1.3 Synthesis of succinic acid- (5-cyclooctene) ester:

adding 5-hydroxy-1-cyclooctene, succinic anhydride, 4-dimethylaminopyridine and a proper amount of toluene, stirring for reaction, filtering to remove precipitated solid after the reaction is finished, distilling under reduced pressure to remove the toluene, mixing the residual viscous liquid with ethanol, heating, pouring into water to precipitate white solid, and obtaining the succinic acid- (5-cyclooctene) ester product.

1.4 Synthesis of 4- (11-hydroxy-n-undecyloxy) nitrobenzene:

dissolving p-nitrophenol in DMF, adding potassium carbonate, then adding 11-bromo-1-undecanol, heating in oil bath, stirring, condensing and refluxing for reaction. Cooling the reactant to room temperature, adding distilled water, and performing suction filtration to obtain a crude product. Then dissolving the crude product in ethyl acetate, adding magnesium sulfate, drying, filtering, and evaporating the filtrate to remove the solvent to obtain the product 4- (11-hydroxy-n-undecyloxy) nitrobenzene.

1.5 Synthesis of 4- (11-hydroxy-n-undecyloxy) aniline:

dissolving 4- (11-hydroxyundecalkoxy) nitrobenzene in THF, adding Pd/C and sodium borohydride under the condition of low-temperature stirring, stirring at room temperature for reaction for hours after the addition is finished, then dropwise adding hydrochloric acid, dropwise adding a potassium carbonate solution after the addition of the hydrochloric acid is finished to adjust the pH value, carrying out suction filtration on a liquid-solid system, washing the solid obtained by suction filtration with ethyl acetate, extracting the filtrate with ethyl acetate, finally combining the washing solution and the extract, drying with anhydrous magnesium sulfate, filtering, and evaporating the filtrate to obtain the product, namely 4- (11-hydroxy-n-undecyloxy) aniline.

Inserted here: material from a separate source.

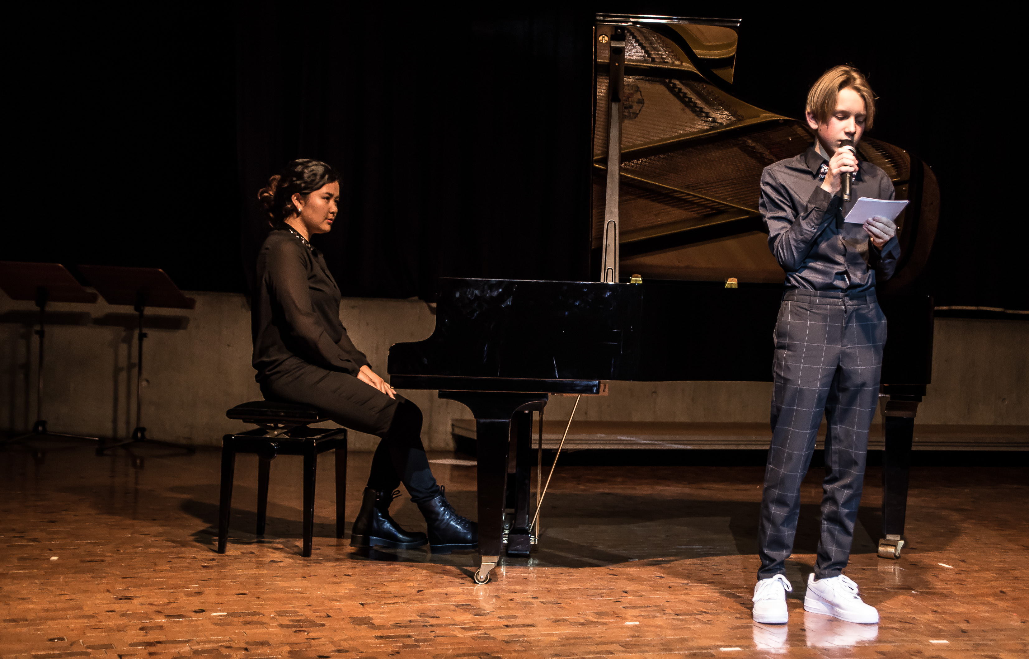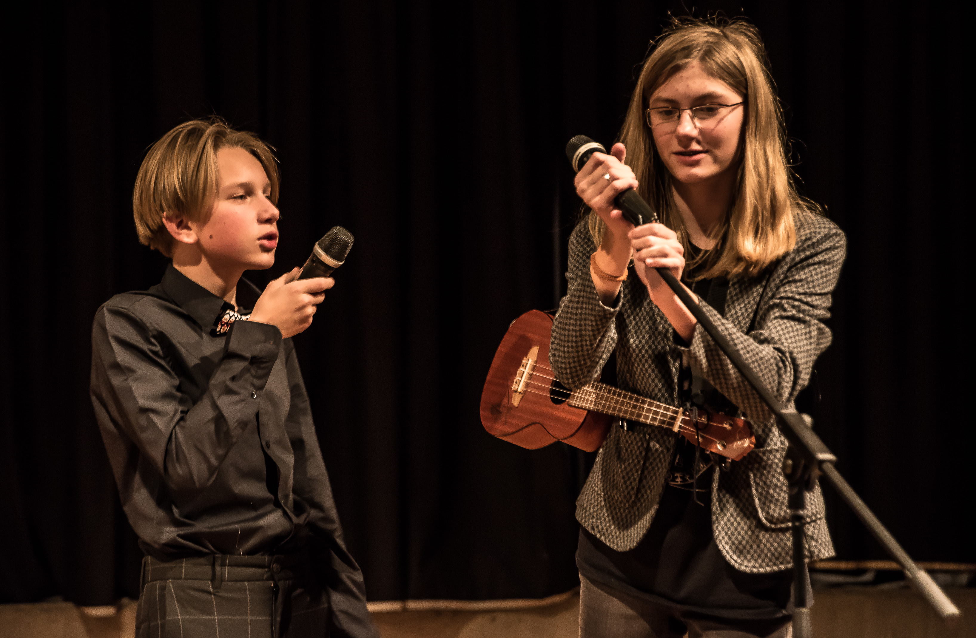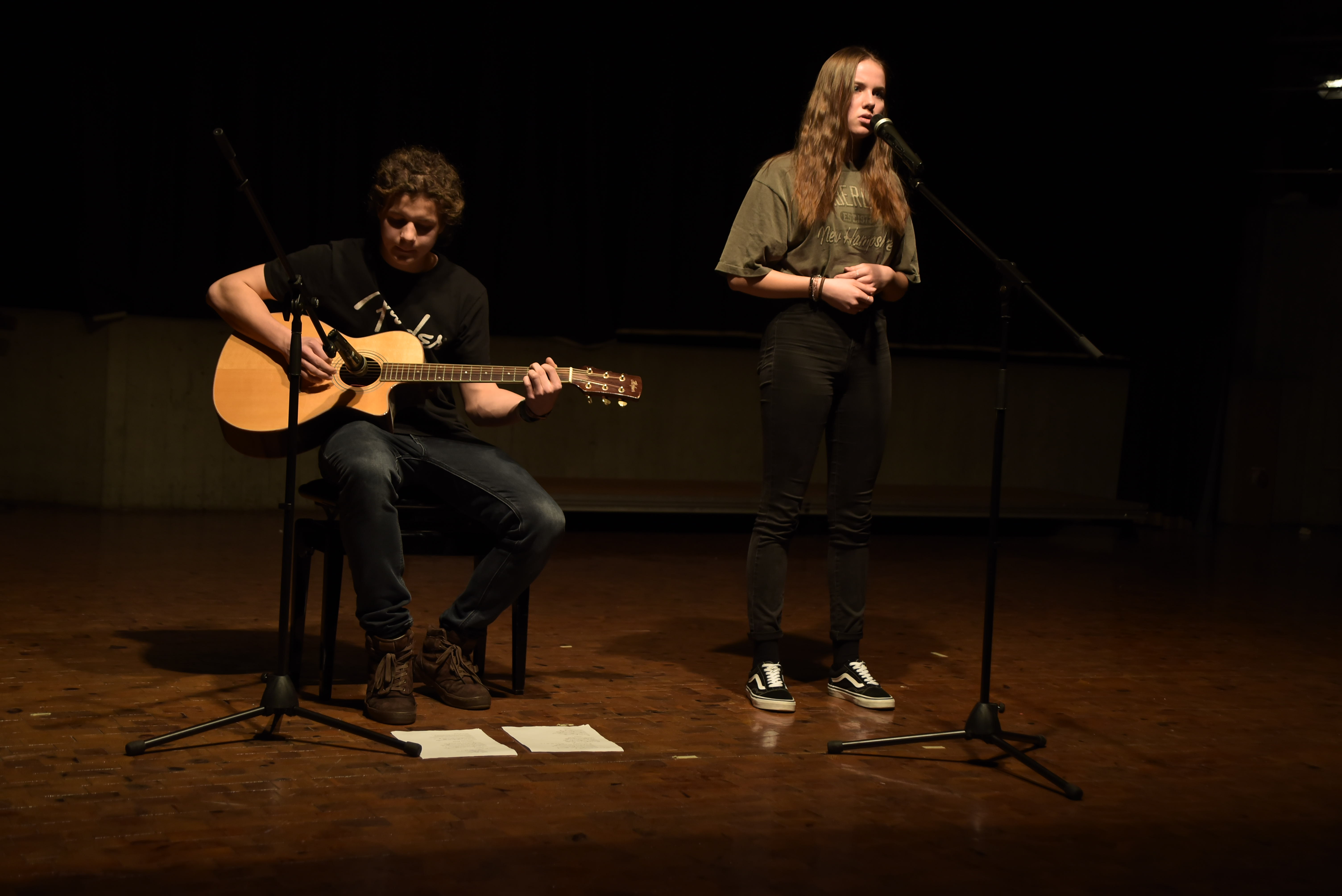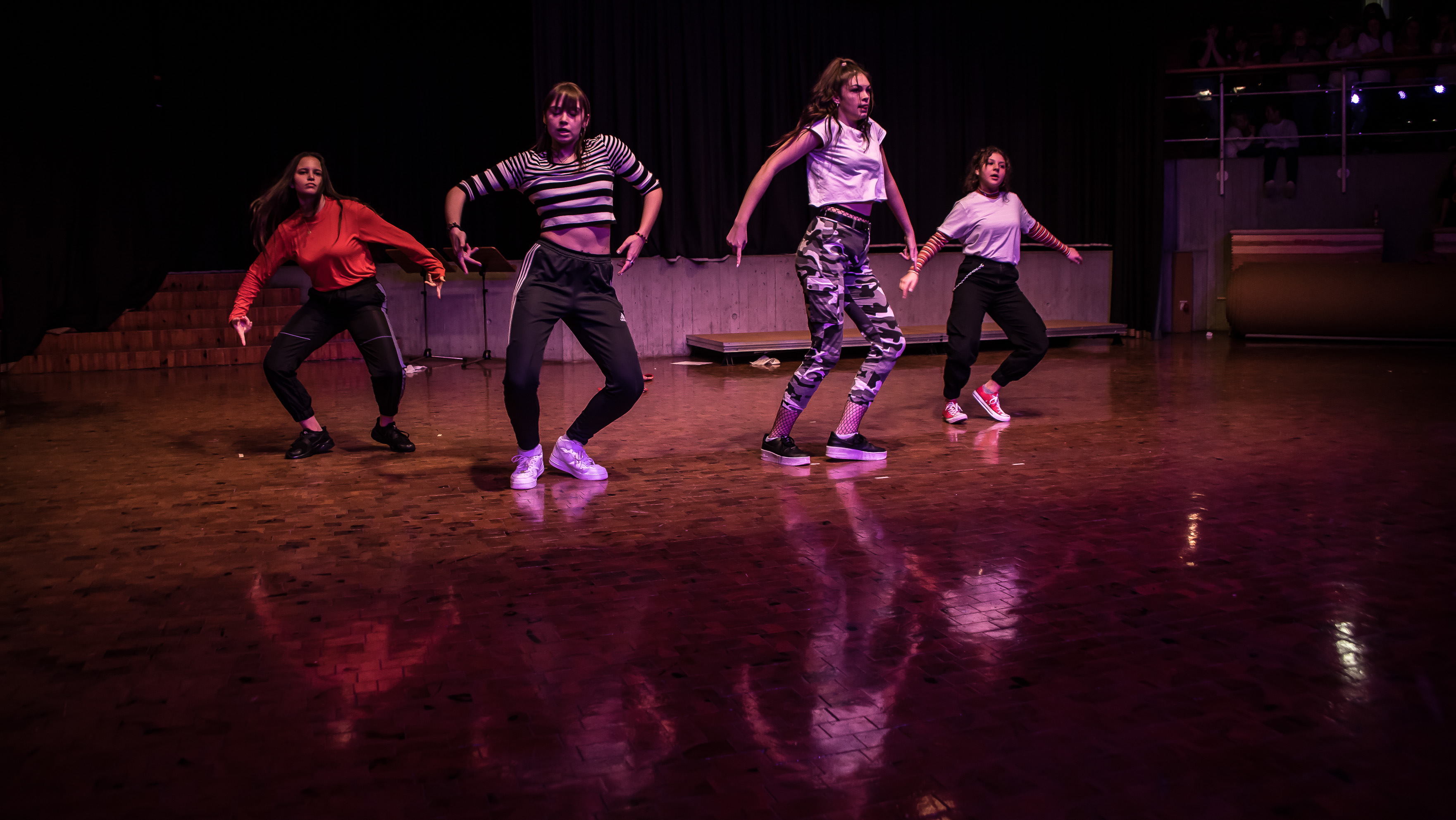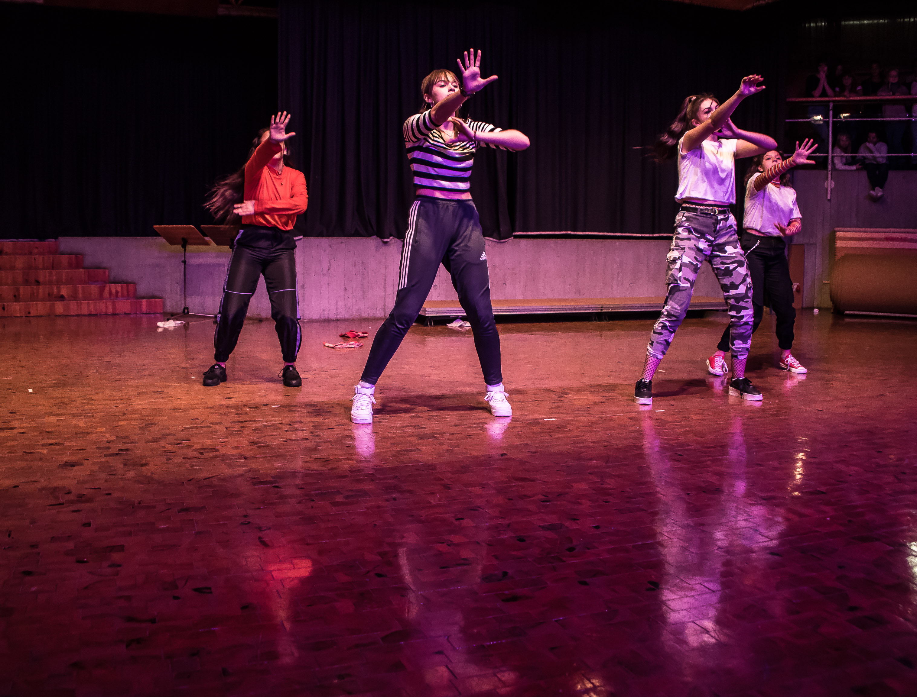 Nach der musikalischen Begrüßung durch die Unterstufenband von Joachim Kocsis und einem Willkommensgruß des Schulleiters übernahm umgehend das charmante Duo Darija Lazic und Fabian Flinner die Moderation und führte das Publikum gekonnt durch den Abend. "Das Spinnenlied" sorgte mit selbst gestalteten Plakaten für einiges Schmunzeln in der Gästereihe, während die Jonglagenummer von Mattis Bühler die Besucher zum Staunen brachte. Angeleitet von Fabian Hess, Peter Hank und Choreographin Dina Tanzmann legten Selina Appel, Nina Kokot, Mona Lakhal, Juliana Richter und Dominika Tajpsz einen gelungenen Auftritt zum Song "Faded" von Alan Walker auf die Fläche. Weihnachtliche Stimmung verbreitete der Unterstufenchor von Helga Weber mit seinen Titeln "Rock my soul" und dem rührenden Song "Wunder gescheh´n". Dina Tanzmann ließ es sich nicht nehmen, als Ehemalige mit dem Chor zu proben und ihn am Abend am Piano zu begleiten.

1.6 Synthesis of 4' -hydroxy-4- (9-hydroxyundecalkoxy) azobenzene:

dissolving 4- (11-hydroxy-n-undecyloxy) aniline in hydrochloric acid, adding an aqueous solution of sodium nitrite, stirring at low temperature for reaction, adding an aqueous solution formed by phenol, sodium hydroxide and water, dropwise adding a sodium carbonate solution to adjust the pH value, stirring at low temperature for reaction, dropwise adding hydrochloric acid to adjust the pH value to be acidic, performing suction filtration to obtain a solid, and then recrystallizing with ethanol to obtain a product, namely 4' -hydroxy-4- (9-hydroxy-n-undecyloxy) azobenzene.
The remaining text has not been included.